> _Listed records_
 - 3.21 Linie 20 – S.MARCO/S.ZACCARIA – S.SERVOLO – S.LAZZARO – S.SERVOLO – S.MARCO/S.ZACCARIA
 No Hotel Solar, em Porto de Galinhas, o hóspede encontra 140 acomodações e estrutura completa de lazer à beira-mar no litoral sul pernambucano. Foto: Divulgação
* * *
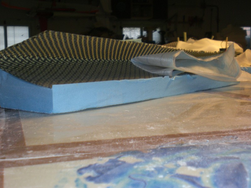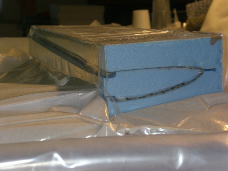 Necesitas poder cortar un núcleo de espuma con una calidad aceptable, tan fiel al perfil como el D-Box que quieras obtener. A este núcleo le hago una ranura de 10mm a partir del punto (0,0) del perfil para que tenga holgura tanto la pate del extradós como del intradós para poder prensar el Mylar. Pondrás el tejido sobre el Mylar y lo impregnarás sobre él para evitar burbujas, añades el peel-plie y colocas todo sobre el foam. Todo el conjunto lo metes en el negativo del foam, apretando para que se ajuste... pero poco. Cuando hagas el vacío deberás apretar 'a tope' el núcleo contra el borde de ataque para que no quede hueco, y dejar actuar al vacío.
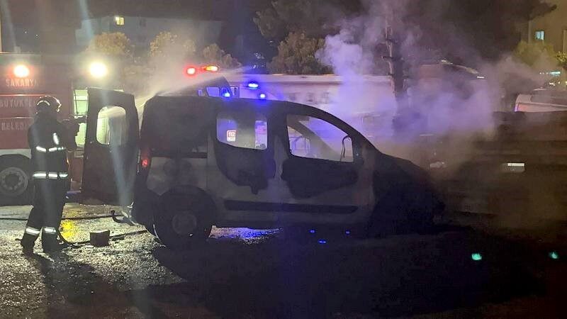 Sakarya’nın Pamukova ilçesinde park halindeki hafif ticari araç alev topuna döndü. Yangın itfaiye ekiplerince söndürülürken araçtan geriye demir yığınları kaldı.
==
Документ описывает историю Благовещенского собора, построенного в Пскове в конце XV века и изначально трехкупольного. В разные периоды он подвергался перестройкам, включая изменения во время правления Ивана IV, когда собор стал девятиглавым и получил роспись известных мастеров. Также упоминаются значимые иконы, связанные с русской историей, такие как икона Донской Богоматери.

> _Action item_
In the records above, find the line with "Necesitas poder cortar". Print exactly from there through the line with "Sakarya’nın Pamukova ilçesinde", minus the pictures.

> _Result for this exercise_
 Necesitas poder cortar un núcleo de espuma con una calidad aceptable, tan fiel al perfil como el D-Box que quieras obtener. A este núcleo le hago una ranura de 10mm a partir del punto (0,0) del perfil para que tenga holgura tanto la pate del extradós como del intradós para poder prensar el Mylar. Pondrás el tejido sobre el Mylar y lo impregnarás sobre él para evitar burbujas, añades el peel-plie y colocas todo sobre el foam. Todo el conjunto lo metes en el negativo del foam, apretando para que se ajuste... pero poco. Cuando hagas el vacío deberás apretar 'a tope' el núcleo contra el borde de ataque para que no quede hueco, y dejar actuar al vacío.
 Sakarya’nın Pamukova ilçesinde park halindeki hafif ticari araç alev topuna döndü. Yangın itfaiye ekiplerince söndürülürken araçtan geriye demir yığınları kaldı.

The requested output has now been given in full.